Fri 17 August 2018

The Zen of Python, Explained

The Zen of Python by Tim Peters are 20 guidelines for the design of the Python language. Your Python code doesn’t necessarily have to follow these guidelines, but they’re good to keep in mind. The Zen of Python is an Easter egg, or hidden joke, that appears if you run import this:

>>> import this
The Zen of Python, by Tim Peters

Beautiful is better than ugly.
Explicit is better than implicit.
Simple is better than complex.
Complex is better than complicated.
Flat is better than nested.
Sparse is better than dense.
Readability counts.
Special cases aren't special enough to break the rules.
Although practicality beats purity.
Errors should never pass silently.
Unless explicitly silenced.
In the face of ambiguity, refuse the temptation to guess.
There should be one-- and preferably only one --obvious way to do it.
Although that way may not be obvious at first unless you're Dutch.
Now is better than never.
Although never is often better than *right* now.
If the implementation is hard to explain, it's a bad idea.
If the implementation is easy to explain, it may be a good idea.
Namespaces are one honking great idea -- let's do more of those!

NOTE: Mysteriously, only 19 of the guidelines are written down. Guido van Rosum reportedly said that the missing 20th aphorism is “some bizarre Tim Peters in-joke.”

In the end, these guidelines are opinions that can be argued for or against. Like all good sets of moral codes, they sometimes contradict themselves to provide the most flexibility. Here’s my own interpretation of these aphorisms:

Beautiful is better than ugly.

Programmers often write code quickly without concern for readability. While code doesn’t have to be readable, the code of the Python language itself must be thought out, consistent, and a joy to use. Of course, not every script needs to be beautiful, and beauty is subjective, but much of Python’s popularity is a result of being so easy to work with.

Explicit is better than implicit.

“This aphorism is self-explanatory,” that would be a terrible explanation for any aphorism. Similarly, it’s better for code to be verbose and explicit. You should avoid hiding code’s functionality behind obscure language features that require familiarity to fully understand.

Simple is better than complex. Complex is better than complicated.

These two aphorisms remind us that building anything can be done using simple or complex techniques. With a simple problem, such as building a birdhouse, a simple solution is better.

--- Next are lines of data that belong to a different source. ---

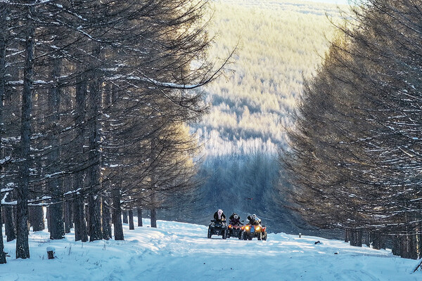 冰天雪地中,又滿是熱氣騰騰的活力景象。森林里的雪地摩托,飛馳而下帶起雪霧,盡顯速度與激情;冰面上,人們歡聲笑語,滑冰、抽冰尜等活動讓這里生機盎然,寒冷被熱情驅(qū)散。
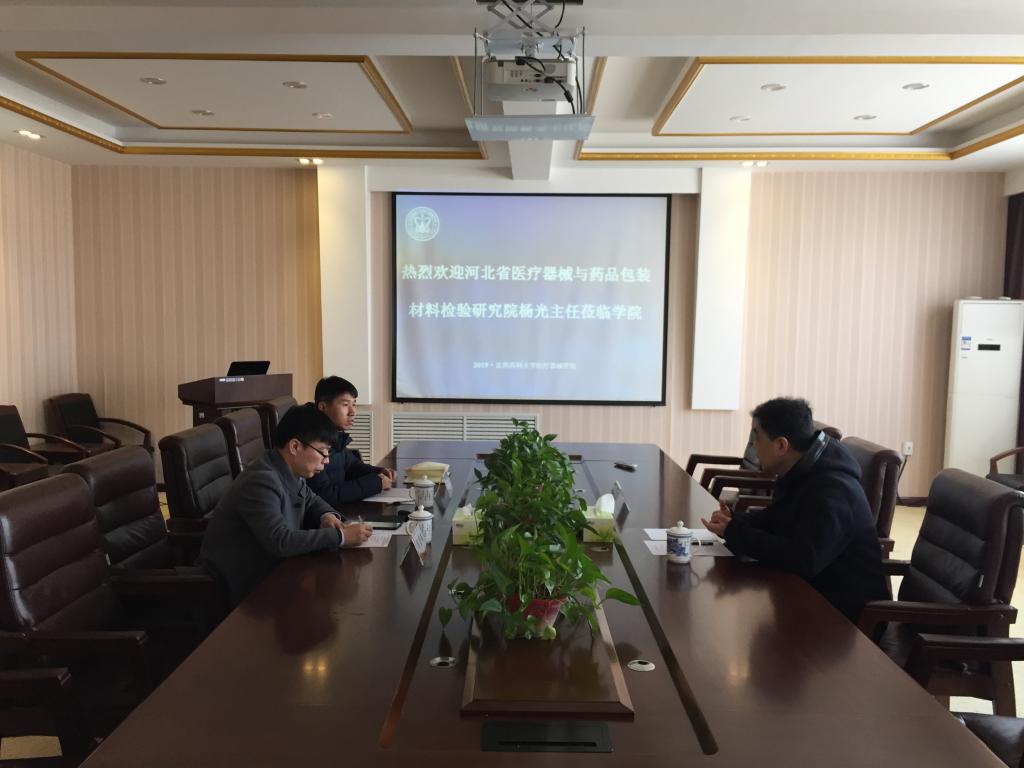 3月19日,河北省医疗器械与药品包装材料检验研究院杨光主任应邀到beat365在线唯一官网就双方开展科研合作进行调研并座谈,学院副院长项荣武、崔勇出席座谈会。
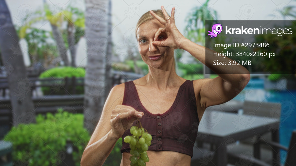 Woman holding grapes with bare hand making ok sign in building poolside area; playful wellness vitality.
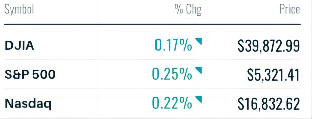 截至收盘,道指涨幅为0.17%;纳指涨幅为0.22%;标普500涨幅为0.25%。

Building a diesel train engine, on the other hand, is a complex problem that requires complex techniques. Even if you could technically make a diesel train engine using birdhouse techniques, you probably would end up with a complicated, Rube Goldberg arrangement of birdhouse parts that wouldn’t be an ideal solution. Prefer simplicity to complexity, but know the limits of simplicity.

Flat is better than nested.

Programmers love to organize things into categories, especially categories that contain subcategories which contain other sub-subcategories. These hierarchies often don’t add organization so much as they add bureaucracy. It’s okay to have code in just one top-layer module or class instead of split up across multiple submodules or subclasses. If you make packages and modules that require code like import spam.eggs.bacon.ham.foo.bar, then you’re making your code too complicated.

Sparse is better than dense.

Programmers often like to cram as much functionality into as little code as possible, such as one-liners like the following: print('\n'.join("%i bytes = %i bits which has %i possible values." % (j, j*8, 256**j-1) for j in (1 << i for i in range(8)))). While code like this may impress their friends, it’ll infuriate their coworkers who have to try to understand it. Code that is spread out over multiple lines is often easier to read than dense one-liners.

Readability counts.

While strcmp() may obviously mean the “string compare” function to someone who has been programming in C since the 1970s, modern computers have enough memory to write out the full function name. Don’t drop vowels from your names or write overly terse code. Code is read more often than it’s written, so explicit, readable code is more important than terse, undocumented code.

Special cases aren’t special enough to break the rules. Although practicality beats purity.

These two aphorisms, which come as a set, contradict each other. Programming is full of “best practices” that programmers should strive for in their code. Skirting these practices for a quick hack may be tempting, but can lead to a rat’s nest of inconsistent, unreadable code. However, bending over backwards to adhere to rules can result in highly-abstract, unreadable code. The Java programming language’s attempt to fit all code to its object-oriented paradigm often results in lots of boilerplate code for even the smallest program. Walking the line between these two aphorisms becomes easier with experience. And in time, you’ll not only learn the rules, but also learn when to break them.

Errors should never pass silently. Unless explicitly silenced.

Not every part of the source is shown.